Я вообще мало что тогда замечал. Иногда я, пьяный, заваливался домой и начинал интересоваться вашей жизнью. Гай стремился заработать, ты стремился помогать нуждающимся, а мама стремилась снять с меня голову и поставить вместо нее какую-нибудь другую. И иногда я приходил к ней и просил прощения, обещал больше никогда не пить, не играть и впредь заняться чем-нибудь полезным, ну хотя бы чему-нибудь научиться.
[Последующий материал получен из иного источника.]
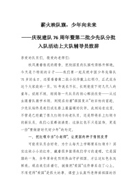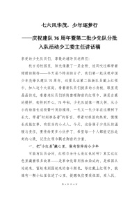 庆祝建队76周年暨第二批少先队分批入队活动少工委主任讲话稿:七六风华茂,少年逐梦行

И она, наша бедная мама, всякий раз мне верила, целовала меня и заверяла, что теперь все будет хорошо.
Проходила неделя или даже две (все эти две недели я был жутко злой), и я даже пытался привести в порядок дела отчима, но потом являлся Курион, и мы уходили кутить.
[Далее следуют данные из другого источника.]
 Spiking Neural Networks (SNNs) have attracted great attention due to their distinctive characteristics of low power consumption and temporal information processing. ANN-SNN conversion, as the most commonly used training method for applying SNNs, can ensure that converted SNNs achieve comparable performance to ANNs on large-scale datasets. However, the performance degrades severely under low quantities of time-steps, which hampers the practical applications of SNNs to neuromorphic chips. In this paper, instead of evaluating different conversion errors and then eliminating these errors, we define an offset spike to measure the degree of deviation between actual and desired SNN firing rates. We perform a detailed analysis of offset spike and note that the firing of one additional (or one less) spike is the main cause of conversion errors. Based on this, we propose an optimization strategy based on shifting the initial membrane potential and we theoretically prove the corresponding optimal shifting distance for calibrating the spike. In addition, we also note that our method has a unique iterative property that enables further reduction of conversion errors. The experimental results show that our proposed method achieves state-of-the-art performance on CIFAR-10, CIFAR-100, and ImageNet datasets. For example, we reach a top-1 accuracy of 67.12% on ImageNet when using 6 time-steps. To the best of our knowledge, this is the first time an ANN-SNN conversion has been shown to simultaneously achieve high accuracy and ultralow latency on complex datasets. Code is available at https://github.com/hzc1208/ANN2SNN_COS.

Затем его отец уехал из города на целый месяц, и я фактически переселился к Куриону, из нашего затхлого, пахнущего страшной скорбью неухоженного дома, туда, где всегда светло и радостно. Но грязь и разруху я нес с собой, поэтому вскоре дом Куриона превратился примерно в то же самое.
Мы развели страшный бардак, а рабы так обленились (благодаря нам), что никто и ничего с этим не делал. По пьяни мы писали на чистых и прекрасных стенах этого векового дома неприличные надписи, оскорбляя друг друга.
Бывало, я, выходя утром отлить, выцарапывал на стене что-нибудь: Курион-младший, как Курион-старший, но старший девочкам хоть немножко нравится.
На что один раз получил ответ, очень жестокий по сути, но для меня в те времена ужасно смешной: Антоний-младший, как Антоний-старший, но умер от похмелья.
Однажды я даже выцарапал на стене в спальне отца Куриона здоровенный хер, не помню, почему я так на него залупился, но был, кажется, очень зол.
Впрочем, самая, пожалуй, важная надпись появилась в моей гостевой комнате, когда, страдая от похмелья и стыда, я захотел помучить себя еще сильнее, и ножом долго выцарапывал над головой почти вслепую, разрывая себе голову и сердце звуком, слова "я плохой, я очень плохой".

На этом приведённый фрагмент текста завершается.